Recorded data

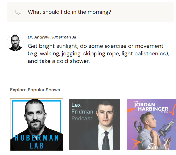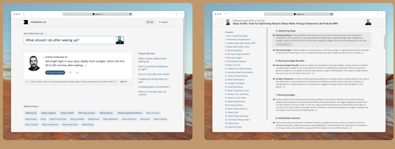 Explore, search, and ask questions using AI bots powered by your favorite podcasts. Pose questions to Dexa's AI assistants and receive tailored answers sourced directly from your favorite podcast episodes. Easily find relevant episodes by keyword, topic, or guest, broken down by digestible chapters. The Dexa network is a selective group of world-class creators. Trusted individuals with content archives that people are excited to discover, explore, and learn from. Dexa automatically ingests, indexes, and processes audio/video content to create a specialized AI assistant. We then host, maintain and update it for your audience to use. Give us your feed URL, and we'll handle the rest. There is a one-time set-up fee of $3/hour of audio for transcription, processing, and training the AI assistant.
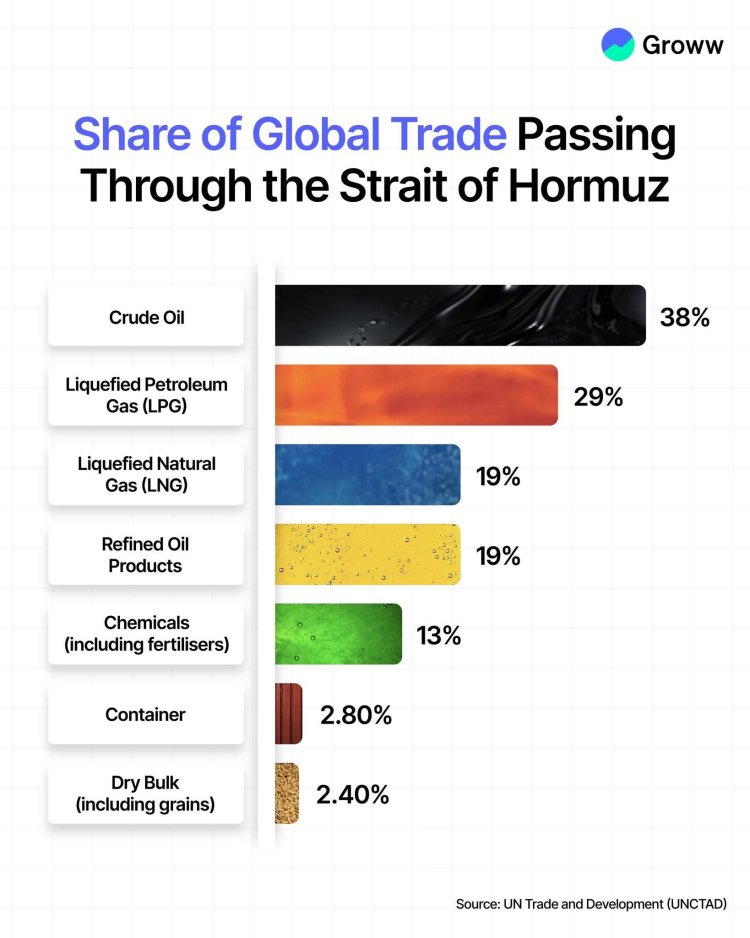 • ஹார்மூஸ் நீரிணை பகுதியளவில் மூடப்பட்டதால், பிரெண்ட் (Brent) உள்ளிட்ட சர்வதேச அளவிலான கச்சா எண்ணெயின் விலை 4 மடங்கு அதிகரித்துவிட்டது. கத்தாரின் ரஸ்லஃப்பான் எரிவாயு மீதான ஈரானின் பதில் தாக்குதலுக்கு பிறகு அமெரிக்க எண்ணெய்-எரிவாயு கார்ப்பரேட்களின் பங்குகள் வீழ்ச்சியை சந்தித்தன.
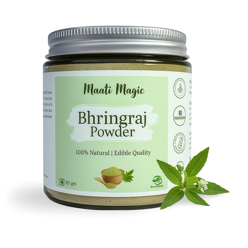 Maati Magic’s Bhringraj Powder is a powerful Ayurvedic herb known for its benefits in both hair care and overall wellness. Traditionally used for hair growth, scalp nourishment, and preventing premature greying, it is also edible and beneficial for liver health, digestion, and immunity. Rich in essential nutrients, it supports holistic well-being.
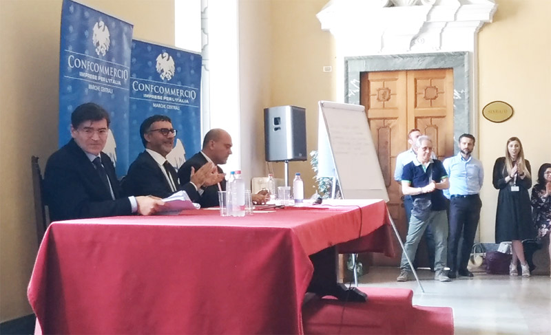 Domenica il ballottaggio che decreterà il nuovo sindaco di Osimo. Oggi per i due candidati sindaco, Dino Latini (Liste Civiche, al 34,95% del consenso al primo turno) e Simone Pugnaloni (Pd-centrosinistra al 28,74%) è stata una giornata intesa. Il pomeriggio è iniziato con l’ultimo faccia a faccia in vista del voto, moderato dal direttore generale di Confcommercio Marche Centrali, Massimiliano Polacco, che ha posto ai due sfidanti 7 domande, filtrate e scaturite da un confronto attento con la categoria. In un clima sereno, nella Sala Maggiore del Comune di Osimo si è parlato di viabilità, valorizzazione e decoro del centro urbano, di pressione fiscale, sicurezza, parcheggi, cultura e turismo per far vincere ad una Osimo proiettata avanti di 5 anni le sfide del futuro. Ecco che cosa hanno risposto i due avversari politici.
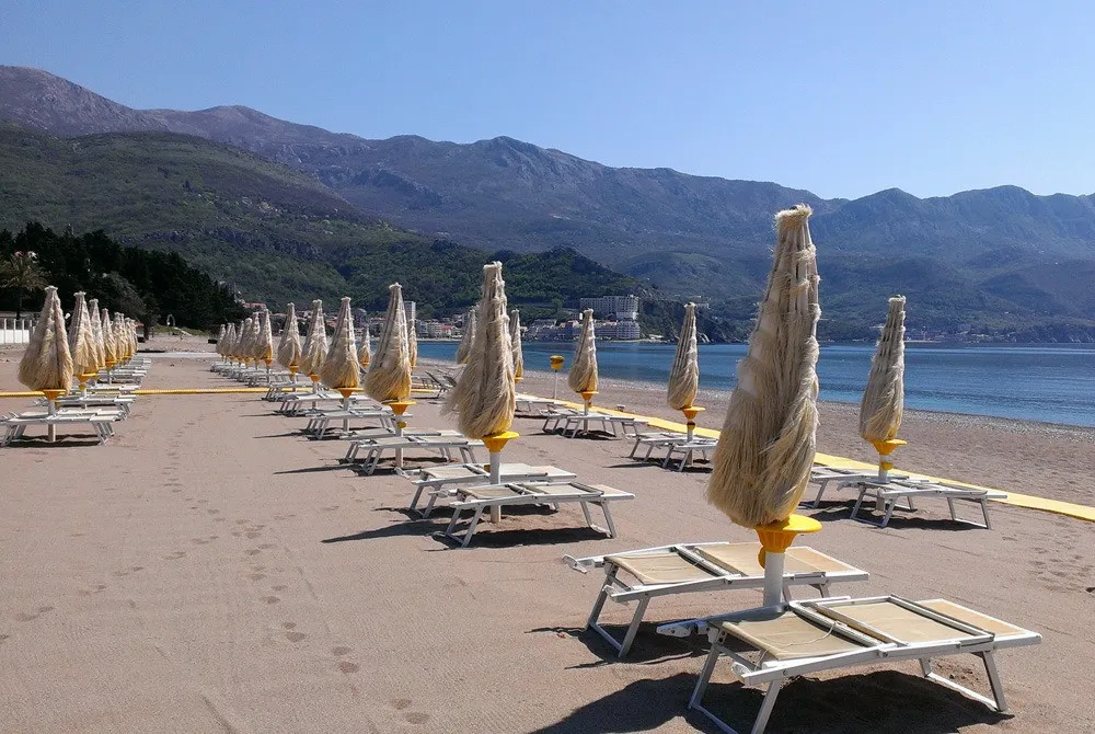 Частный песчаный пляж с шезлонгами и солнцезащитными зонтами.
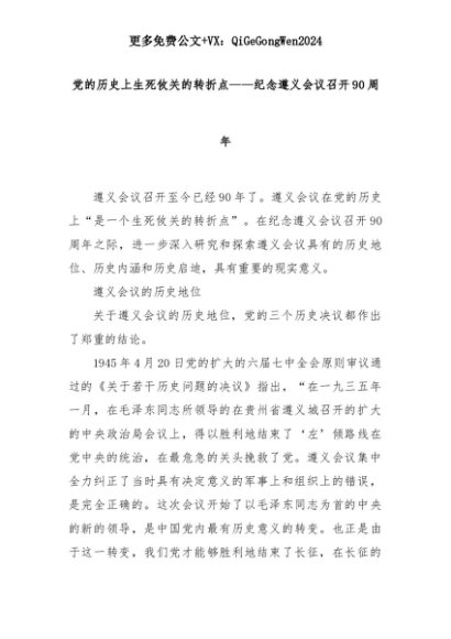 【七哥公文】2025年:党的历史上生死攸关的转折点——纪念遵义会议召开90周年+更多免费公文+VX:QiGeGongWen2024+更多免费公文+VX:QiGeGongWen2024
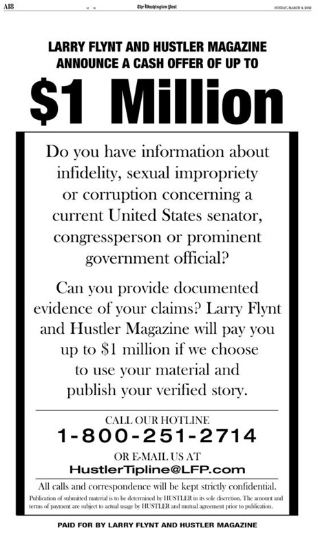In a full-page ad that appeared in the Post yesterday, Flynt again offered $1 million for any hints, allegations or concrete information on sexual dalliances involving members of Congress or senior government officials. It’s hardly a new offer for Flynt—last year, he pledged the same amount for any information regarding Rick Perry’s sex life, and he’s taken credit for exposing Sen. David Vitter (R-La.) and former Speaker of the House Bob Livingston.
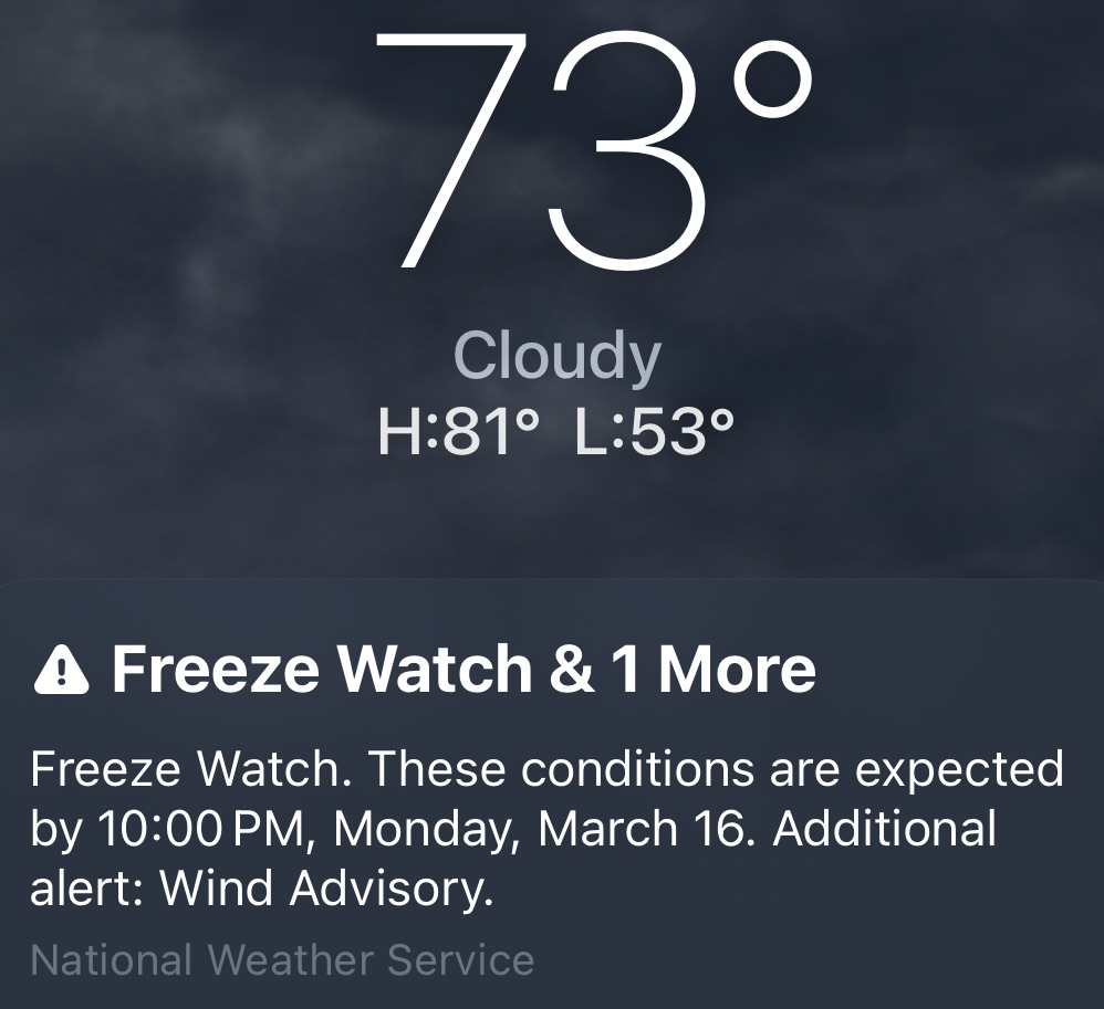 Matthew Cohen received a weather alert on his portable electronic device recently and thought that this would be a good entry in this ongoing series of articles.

> [WHAT TO WORK ON] Without the pictures, restate all the entries above exactly.

> [EXPECTED OUTPUT]
 Explore, search, and ask questions using AI bots powered by your favorite podcasts. Pose questions to Dexa's AI assistants and receive tailored answers sourced directly from your favorite podcast episodes. Easily find relevant episodes by keyword, topic, or guest, broken down by digestible chapters. The Dexa network is a selective group of world-class creators. Trusted individuals with content archives that people are excited to discover, explore, and learn from. Dexa automatically ingests, indexes, and processes audio/video content to create a specialized AI assistant. We then host, maintain and update it for your audience to use. Give us your feed URL, and we'll handle the rest. There is a one-time set-up fee of $3/hour of audio for transcription, processing, and training the AI assistant.
 • ஹார்மூஸ் நீரிணை பகுதியளவில் மூடப்பட்டதால், பிரெண்ட் (Brent) உள்ளிட்ட சர்வதேச அளவிலான கச்சா எண்ணெயின் விலை 4 மடங்கு அதிகரித்துவிட்டது. கத்தாரின் ரஸ்லஃப்பான் எரிவாயு மீதான ஈரானின் பதில் தாக்குதலுக்கு பிறகு அமெரிக்க எண்ணெய்-எரிவாயு கார்ப்பரேட்களின் பங்குகள் வீழ்ச்சியை சந்தித்தன.
 Maati Magic’s Bhringraj Powder is a powerful Ayurvedic herb known for its benefits in both hair care and overall wellness. Traditionally used for hair growth, scalp nourishment, and preventing premature greying, it is also edible and beneficial for liver health, digestion, and immunity. Rich in essential nutrients, it supports holistic well-being.
 Domenica il ballottaggio che decreterà il nuovo sindaco di Osimo. Oggi per i due candidati sindaco, Dino Latini (Liste Civiche, al 34,95% del consenso al primo turno) e Simone Pugnaloni (Pd-centrosinistra al 28,74%) è stata una giornata intesa. Il pomeriggio è iniziato con l’ultimo faccia a faccia in vista del voto, moderato dal direttore generale di Confcommercio Marche Centrali, Massimiliano Polacco, che ha posto ai due sfidanti 7 domande, filtrate e scaturite da un confronto attento con la categoria. In un clima sereno, nella Sala Maggiore del Comune di Osimo si è parlato di viabilità, valorizzazione e decoro del centro urbano, di pressione fiscale, sicurezza, parcheggi, cultura e turismo per far vincere ad una Osimo proiettata avanti di 5 anni le sfide del futuro. Ecco che cosa hanno risposto i due avversari politici.
 Частный песчаный пляж с шезлонгами и солнцезащитными зонтами.
 【七哥公文】2025年:党的历史上生死攸关的转折点——纪念遵义会议召开90周年+更多免费公文+VX:QiGeGongWen2024+更多免费公文+VX:QiGeGongWen2024
In a full-page ad that appeared in the Post yesterday, Flynt again offered $1 million for any hints, allegations or concrete information on sexual dalliances involving members of Congress or senior government officials. It’s hardly a new offer for Flynt—last year, he pledged the same amount for any information regarding Rick Perry’s sex life, and he’s taken credit for exposing Sen. David Vitter (R-La.) and former Speaker of the House Bob Livingston.
 Matthew Cohen received a weather alert on his portable electronic device recently and thought that this would be a good entry in this ongoing series of articles.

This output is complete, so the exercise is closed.